For enterprise customers — the Hyatts of the world deploying ChatGPT Enterprise across global workforces — faster, cheaper agent loops translate directly to practical utility. Agents that complete tasks in thirty seconds rather than two minutes get adopted. Ones that feel sluggish get abandoned.
Developer Adoption Requires Documentation, Not Just Architecture
One thing I’d flag: WebSocket support in APIs is not always trivial to implement on the client side, especially for teams used to simple HTTP calls. OpenAI will need solid SDK support and clear documentation for this pattern to see broad adoption. The engineering post is a great start, but the developer experience around session lifecycle, error handling, and reconnection logic needs to be airtight. Persistent connections introduce failure modes — dropped sessions, stale caches — that stateless APIs simply don’t have.
Key Takeaways
- WebSockets in the Responses API eliminate repeated HTTP connection overhead between agent loop turns, reducing latency at the infrastructure level
- Connection-scoped KV caching means the model doesn’t recompute attention over stable context prefixes on every turn — a direct improvement to time-to-first-token
- The Codex agent loop was the proving ground for these changes, and the improvements are now available to any developer using the Responses API
- This is an infrastructure-layer fix to a problem that model improvements alone couldn’t solve
- Competitors including Anthropic and Google haven’t publicly matched this specific capability yet
- Enterprise and high-frequency agentic use cases will feel the biggest impact — consumer single-turn usage won’t notice much difference
Frequently Asked Questions
What is connection-scoped caching in the Responses API?
It’s a server-side optimization where the KV cache computed during model inference is kept alive for the duration of a WebSocket session. This means the model doesn’t have to reprocess unchanged context on every new turn, which cuts time-to-first-token in long agent loops.
Do I need to rewrite my existing Responses API integration to use WebSockets?
Not necessarily — traditional HTTP requests still work. But if you’re building multi-step agents or long-running loops, migrating to WebSocket-based sessions is where you’ll see meaningful latency improvements. OpenAI’s documentation should be the first stop for implementation details.
Is this available to all API users or just Codex?
OpenAI’s post frames this as a Responses API capability, not a Codex-exclusive feature. Developers building their own agents on top of the Responses API should be able to adopt the same WebSocket pattern that Codex uses internally.
How does this compare to what Google or Anthropic offer?

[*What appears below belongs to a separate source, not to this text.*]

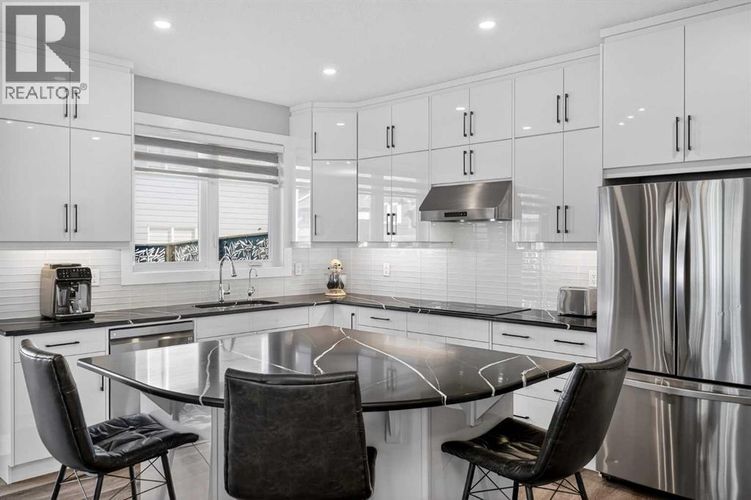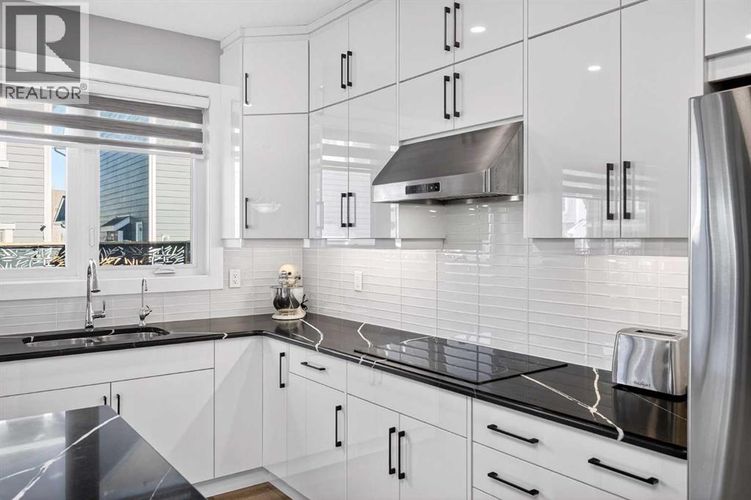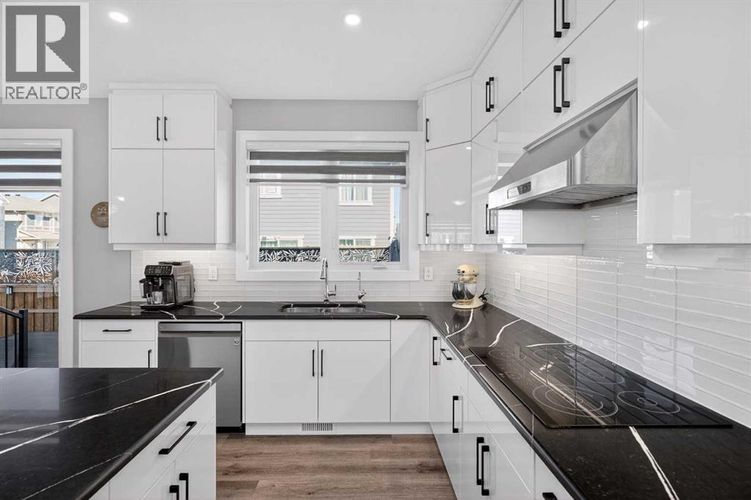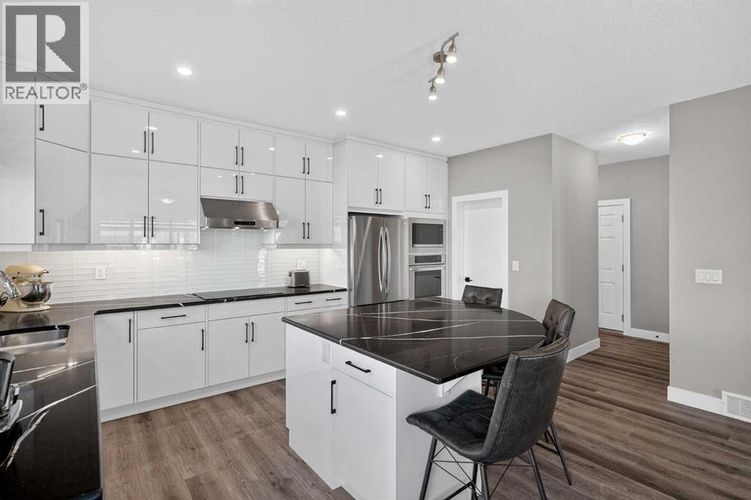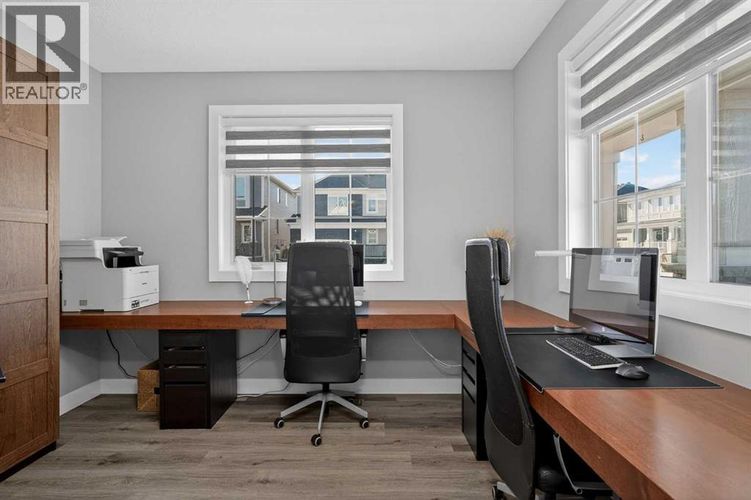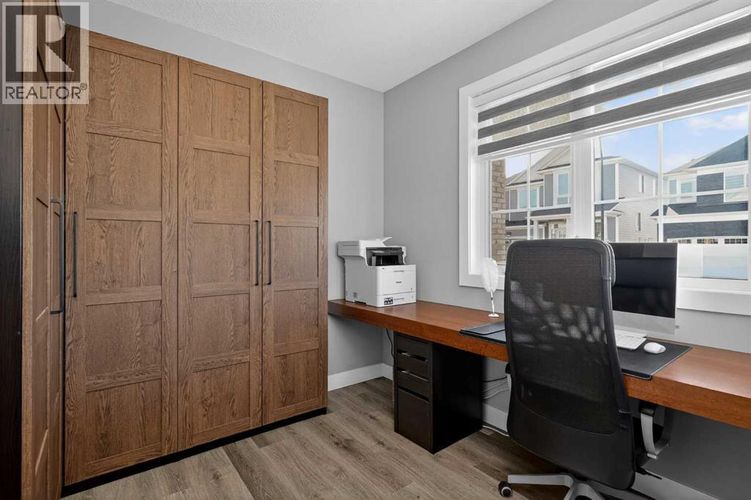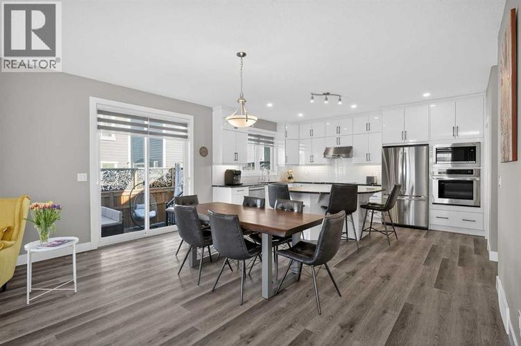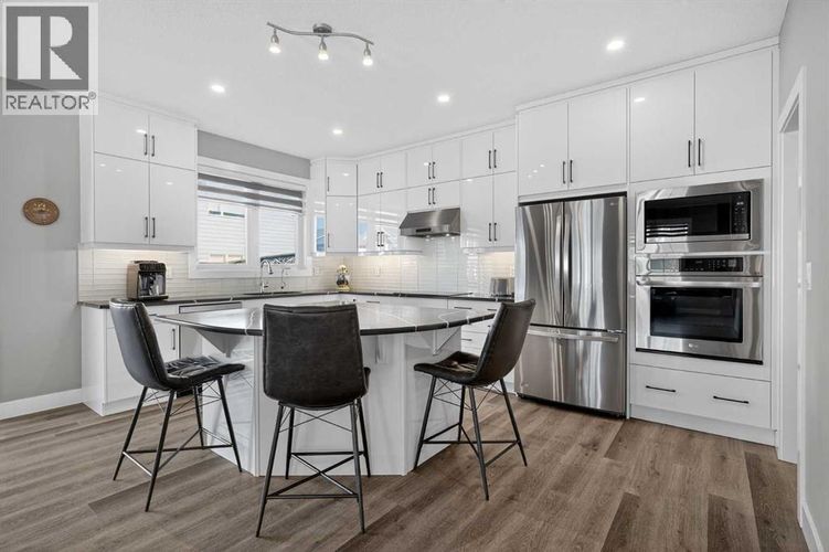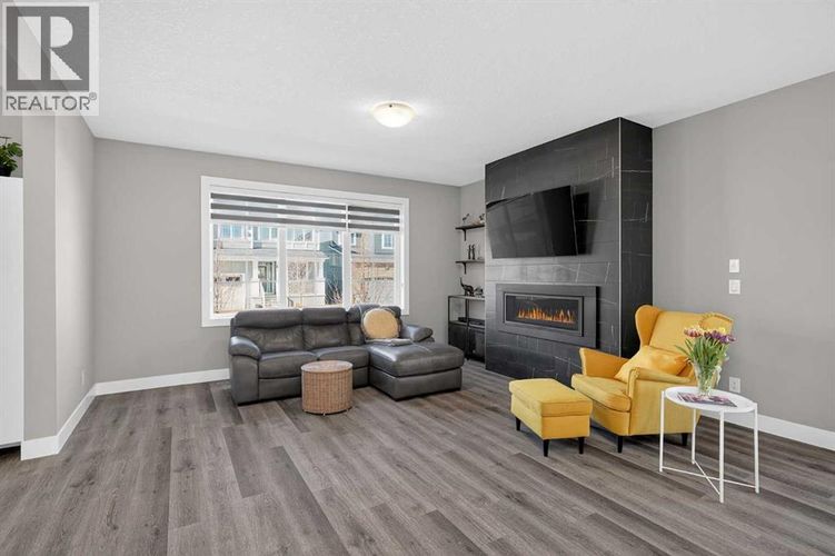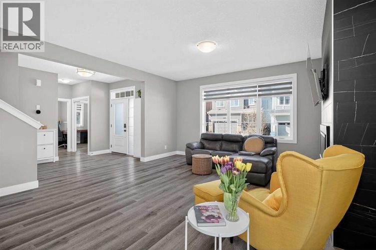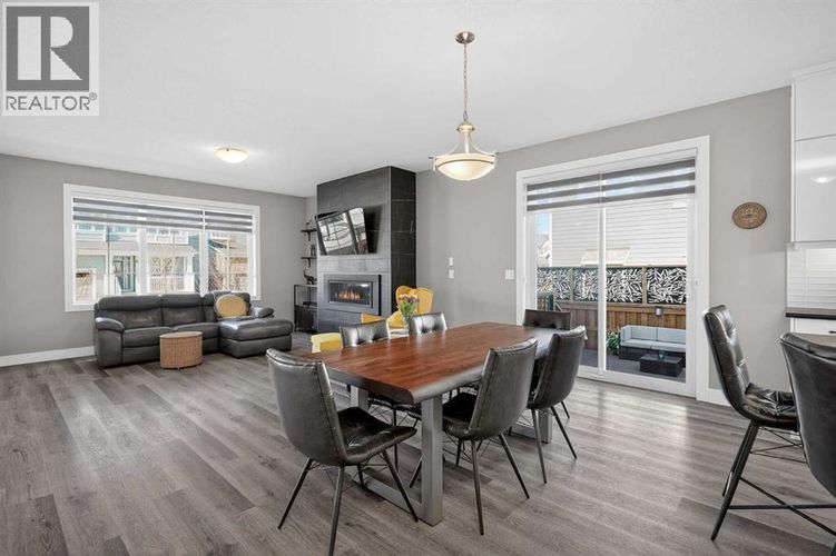 Set on a prominent corner lot in Yorkville, this fully finished 2,414 sq ft home makes a strong first impression with its upgraded Georgian Colonial exterior—an elegant blend of brick and Hardie board, complemented by a welcoming wraparound front porch that adds both charm and usable outdoor space. Inside, the layout is both functional and refined. The main level features 9’ ceilings and durable LVP flooring, with a spacious kitchen designed to anchor the home. Quartz countertops, full-height cabinetry, a built-in wall oven, and a distinctive curved island bring both style and practicality together. The living room is warm and inviting, centred around a 45" fireplace with a full-height tile surround, while the dining area offers a natural space for everyday meals or hosting. There’s a main floor office with a built-in desk and cabinetry that stays, and a mudroom that goes beyond standard—with a built-in dog wash that doubles as the perfect spot for muddy boots or cleanup after a long day. Upstairs, enjoy the grand feeling of 9’ ceilings with four well-proportioned bedrooms, including a primary suite with a 5-piece ensuite and walk-in closet. There’s even a bright bonus room, adding flexibility for relaxing or gathering, and the laundry room is finished with custom-built-in cabinetry for added convenience. A second full 5-piece bathroom, with an additional central cabinet, completes the upper level. The builder professionally finished the basement, extending the living space with a large family room, a fifth bedroom, a 3-piece bathroom, and a substantial storage area. The pool table can be included, creating an easy transition into a fully usable lower level. Outside, the landscaping is complete and thoughtfully designed, featuring a large low-maintenance deck, stonework, and a fully fenced yard that’s ready to enjoy. The corner lot provides additional light and space, complemented by a double-attached garage, driveway, and ample street parking. The home is also equi pped with a Kinetico water system, adding an extra layer of everyday comfort and quality. Yorkville is a growing southwest Calgary community known for its wide streets, planned green spaces, and pathway connections. With convenient access to Macleod Trail and Stoney Trail, along with nearby shopping, dining, and everyday amenities, it offers a balanced lifestyle with both accessibility and room to grow. A well-executed home with meaningful upgrades, a functional layout, and a finished outdoor space that’s ready from day one. (id:26452)

Google’s Gemini API and Anthropic’s Claude API both support streaming responses, but neither has publicly announced connection-scoped KV cache persistence tied to WebSocket sessions in the way OpenAI has described here. That said, all three companies are iterating quickly on infrastructure for agentic use cases, so the gap may narrow.
OpenAI has essentially turned its own products into a live stress test for its API infrastructure — and then published what it learned. That’s a healthy pattern. As agents get more capable and more widely deployed, the engineering work underneath them becomes as important as the models themselves. The expansion of Codex with computer use, browsing, and memory means these sessions are only going to get longer and more complex. Getting the plumbing right now is smart. I’d expect to see connection-scoped caching and WebSocket-first patterns become table stakes across the major AI API providers within the next year or two.